1. Field of Invention
The present disclosure relates to stray-light correction in imaging instruments and, more particularly, to stray-light correction using a stray-light correction matrix derived from point spread functions (PSFs) characterized from imaging instruments.
2. Description of Related Art
Radiometric/photometric data may be acquired using imaging instruments, such as digital cameras, hyperspectral imaging systems, imaging radiometers, imaging photometers and other types of imaging instruments or optical systems. Image quality, including image sharpness, contrast, and stray light, is often an important characteristic of such imaging instruments or optical systems.
The quality of images for such imaging instruments can be improved through state of the art hardware designs and advanced manufacturing processes. This hardware approach, however, may be limited by physics and available technologies. For example, detector window reflections, minimum achievable surface reflections and/or scattering from lenses, mirrors, and other types of optical components. This hardware approach may also be limited by the manufacturing cost of imaging instruments.

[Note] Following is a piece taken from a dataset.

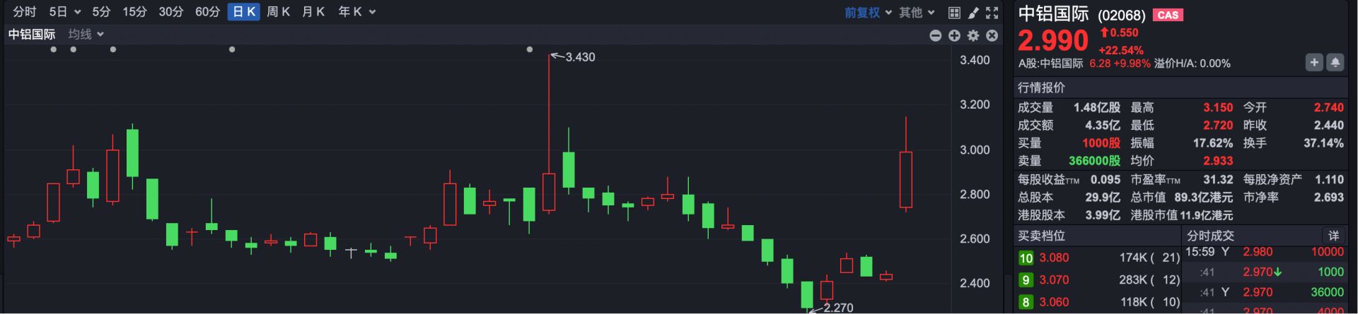 焦点板块方面,铝业股全天领涨市场。其中,中铝国际(HK02068)涨超22%,中国铝业(HK02600)涨超7%,中国宏桥(HK01378)涨超3%。

Stray light in an imaging instrument may be the dominant source of measurement errors. For example, for a photometer/radiometer, stray light may be the dominant source of measurement error involving the contrast ratio of flat panel displays. Stray-light errors in an imaging instrument are often known as “veiling glare” in photometry and “size-of-source effect” in radiometry.
There is a need for an image improvement technique that can significantly reduce measurement errors, while taking into account errors due to stray light.

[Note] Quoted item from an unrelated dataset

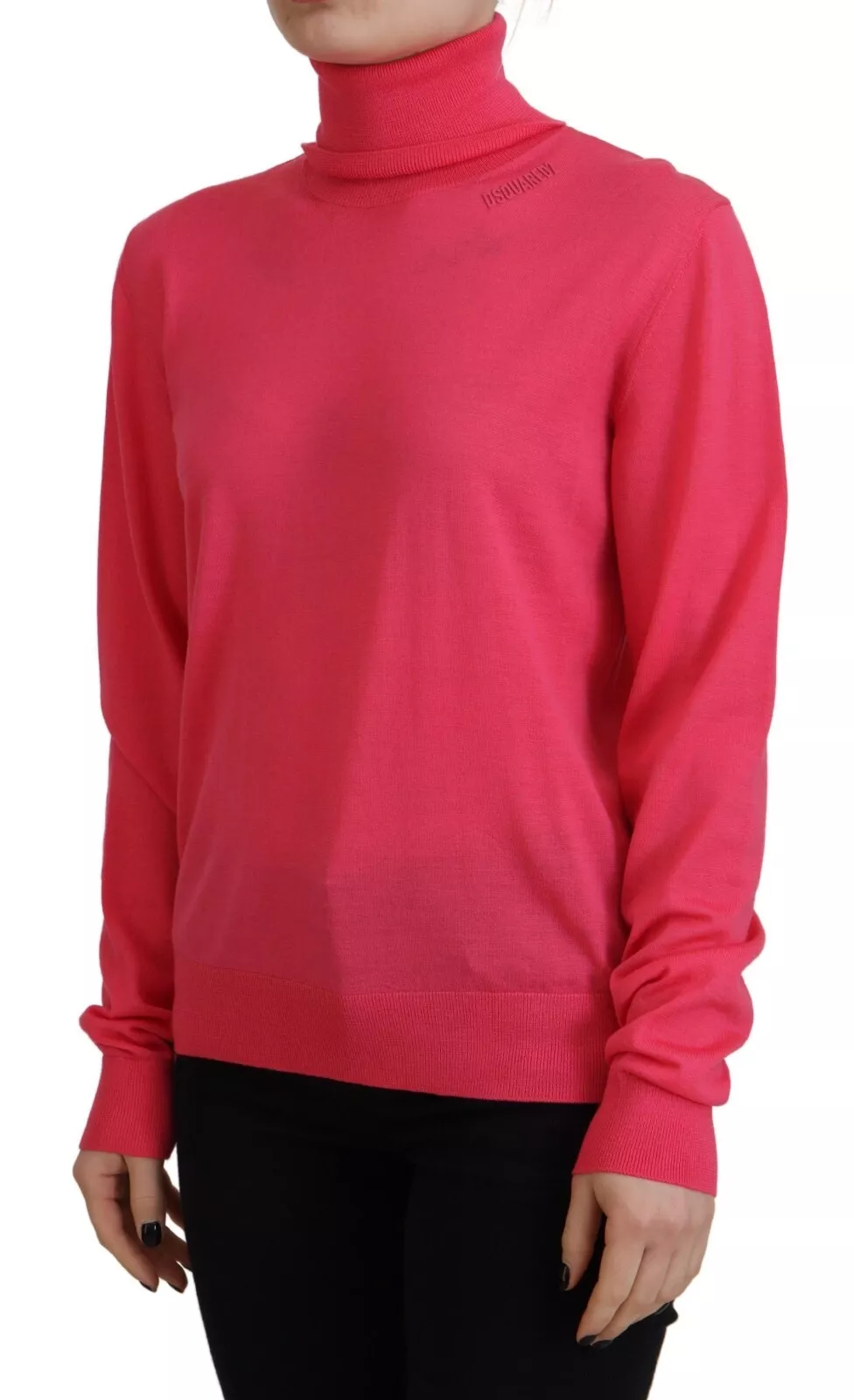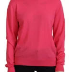 Pink Solid Long Sleeve Turtle Neck Casual Sweater

Various mathematical theories and algorithms have been devised and implemented in order to improve the quality of images for imaging instruments or optical systems. These previously developed techniques are generally based on the deconvolution algorithms to improve image sharpness, while failing to focus on stray light errors. These techniques incorporate the use of complex mathematical theories. When a computer is required to perform complex mathematics, the computer's processor may be heavily burdened, thus resulting in slow response time. Thus, using these techniques involving complex mathematical theories, it may it may not be possible to perform fast corrections of stray-light errors. Moreover, such techniques may require a significant amount of processing power. Again, this technique does not focus on measurement errors due to stray light.
Accordingly, there is further a need for an image improvement technique that does not require complicated mathematical theories, and which can perform robust, fast correction of stray-light errors.